Le transfert de la résilience en sciences sociales ne s’accompagne pas toujours d’un socle théorique  solide (Klein et al., 2003). Et il est souvent difficile d’éviter les discordes. Parce que les cadres de  l’écologie ne peuvent pas être directement appliqués aux sociétés : les sociétés ne sont tout  simplement pas des écosystèmes. Mêmes les économistes ont fini par reconnaître que les villes ne se  comportent pas toujours comme des écosystèmes : leur métabolisme suit bien les mêmes lois de  puissance que tous les organismes biologiques, mais ce n’est pas du tout le cas des relations sociales  et en particulier de l’innovation qui est au cœur de l’évolution urbaine (Glaeser, 2011). En parlant de  résilience urbaine, il convient donc de rappeler une évidence : les sociétés ne sont ni des métaux qui  supportent des déformations sans un mot, ni des écosystèmes dont on peut mesurer l’entropie et la  réaction aux stimuli en ignorant les choix politiques et les conséquences sociales. 

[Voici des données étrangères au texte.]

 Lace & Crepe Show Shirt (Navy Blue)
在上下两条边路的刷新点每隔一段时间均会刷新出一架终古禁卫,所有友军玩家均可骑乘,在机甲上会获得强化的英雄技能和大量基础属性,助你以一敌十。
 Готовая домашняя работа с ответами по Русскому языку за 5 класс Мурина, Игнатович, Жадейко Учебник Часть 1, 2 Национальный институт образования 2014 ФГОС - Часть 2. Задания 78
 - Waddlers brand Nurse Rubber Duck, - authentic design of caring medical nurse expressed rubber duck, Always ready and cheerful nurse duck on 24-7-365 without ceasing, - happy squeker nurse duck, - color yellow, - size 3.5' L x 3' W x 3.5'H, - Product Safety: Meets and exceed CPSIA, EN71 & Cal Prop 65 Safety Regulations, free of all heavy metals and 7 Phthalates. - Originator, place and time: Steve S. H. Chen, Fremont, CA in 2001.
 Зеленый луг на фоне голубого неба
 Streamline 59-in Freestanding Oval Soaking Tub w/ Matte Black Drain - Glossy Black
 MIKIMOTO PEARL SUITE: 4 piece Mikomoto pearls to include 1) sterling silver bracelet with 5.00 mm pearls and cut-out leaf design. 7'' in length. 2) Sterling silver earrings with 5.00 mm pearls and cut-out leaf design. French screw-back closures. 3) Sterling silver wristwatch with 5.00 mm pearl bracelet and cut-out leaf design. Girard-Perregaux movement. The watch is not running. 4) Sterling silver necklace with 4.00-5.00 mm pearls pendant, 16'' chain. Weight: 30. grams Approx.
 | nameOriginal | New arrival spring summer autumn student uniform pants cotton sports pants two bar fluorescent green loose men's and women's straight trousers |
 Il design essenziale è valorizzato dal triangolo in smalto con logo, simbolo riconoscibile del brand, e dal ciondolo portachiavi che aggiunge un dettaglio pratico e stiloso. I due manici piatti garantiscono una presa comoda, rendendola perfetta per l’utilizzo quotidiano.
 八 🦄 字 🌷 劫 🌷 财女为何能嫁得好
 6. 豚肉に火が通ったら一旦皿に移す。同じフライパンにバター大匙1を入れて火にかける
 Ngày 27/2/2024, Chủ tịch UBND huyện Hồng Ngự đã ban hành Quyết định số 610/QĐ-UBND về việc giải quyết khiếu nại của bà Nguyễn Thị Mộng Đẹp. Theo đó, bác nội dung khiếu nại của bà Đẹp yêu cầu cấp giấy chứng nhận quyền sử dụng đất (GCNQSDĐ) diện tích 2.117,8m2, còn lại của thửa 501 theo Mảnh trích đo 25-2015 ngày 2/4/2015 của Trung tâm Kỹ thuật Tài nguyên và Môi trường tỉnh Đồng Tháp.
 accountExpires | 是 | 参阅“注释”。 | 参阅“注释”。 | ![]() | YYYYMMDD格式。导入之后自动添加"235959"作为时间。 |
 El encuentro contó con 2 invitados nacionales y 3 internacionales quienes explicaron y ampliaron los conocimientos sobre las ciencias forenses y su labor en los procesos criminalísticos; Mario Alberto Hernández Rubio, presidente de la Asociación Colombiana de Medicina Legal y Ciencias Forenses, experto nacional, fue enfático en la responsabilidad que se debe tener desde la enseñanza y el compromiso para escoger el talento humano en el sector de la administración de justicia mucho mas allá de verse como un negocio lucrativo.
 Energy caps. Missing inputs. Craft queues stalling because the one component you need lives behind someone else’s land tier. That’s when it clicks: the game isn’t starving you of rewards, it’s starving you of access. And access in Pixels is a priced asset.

L’élargissement rapide du champ d’application de la résilience et les discordes afférentes ont  alimenté polysémie et cacophonie. Ainsi, lorsque les plus démunis sont les premiers à revenir  s’installer  dans  les  quartiers  sinistrés  après une  catastrophe,  certains  l’analysent  comme  un  révélateur de  leur  résilience,  d’autres  de  leur vulnérabilité, d’autres  de  l’inertie du système  métropolitain ou bien de la captivité de ces populations, sans que ces catégories ne correspondent  forcément à leur vécu. Ce foisonnement du sens est d’autant plus équivoque qu’une partie des  concepts relève du constat, comme la crise ou la vulnérabilité, et une autre du projet, de l’horizon  d’attente ou d’action, comme la résilience, qui se rattache plus aux questionnements sur la ville  durable. Selon les corpus, la résilience fait référence à des notions connexes : résistance, capacité à  faire face, capacité d’adaptation, capacité de réponse, retour à l’équilibre, absorption du choc  (système),  reconstruction  (bâtiments),  reconstruction  (politique  et  sociale),  reconstruction  (symbolique), bifurcation, auto‐organisation, transition, trajectoire, durabilité, pérennité, etc. Le  passage de la théorie à la pratique conduit à une altération de la notion, chacun tirant la résilience  dans son sens pour l’adapter à son objet, à ses problématiques, mais aussi à ses catégories.  

Une solution de facilité est de faire de la résilience l’inverse de la vulnérabilité. La résilience pourrait  alors apparaître comme une simple façon de rebaptiser la capacité d’adaptation. A partir de la notion  d’adaptation, la vulnérabilité et la résilience sont des idées qui ont émergé puis ont été formalisées  presque en même temps (Burton et al. 1978, Theys et Fabiani 1987), mais elles se sont ensuite  succédées sur le devant de la scène. En 1994, lors de la Conférence de Yokohama, l’ONU a adopté la  vulnérabilité comme concept clé, puis en 2005, la Conférence de Hyogo a mis en avant la notion de  résilience. Car puisqu’il ne semble désormais plus possible d’éviter les catastrophes, il faut s’y  adapter : c’est ce que semble vouloir dire la résilience.  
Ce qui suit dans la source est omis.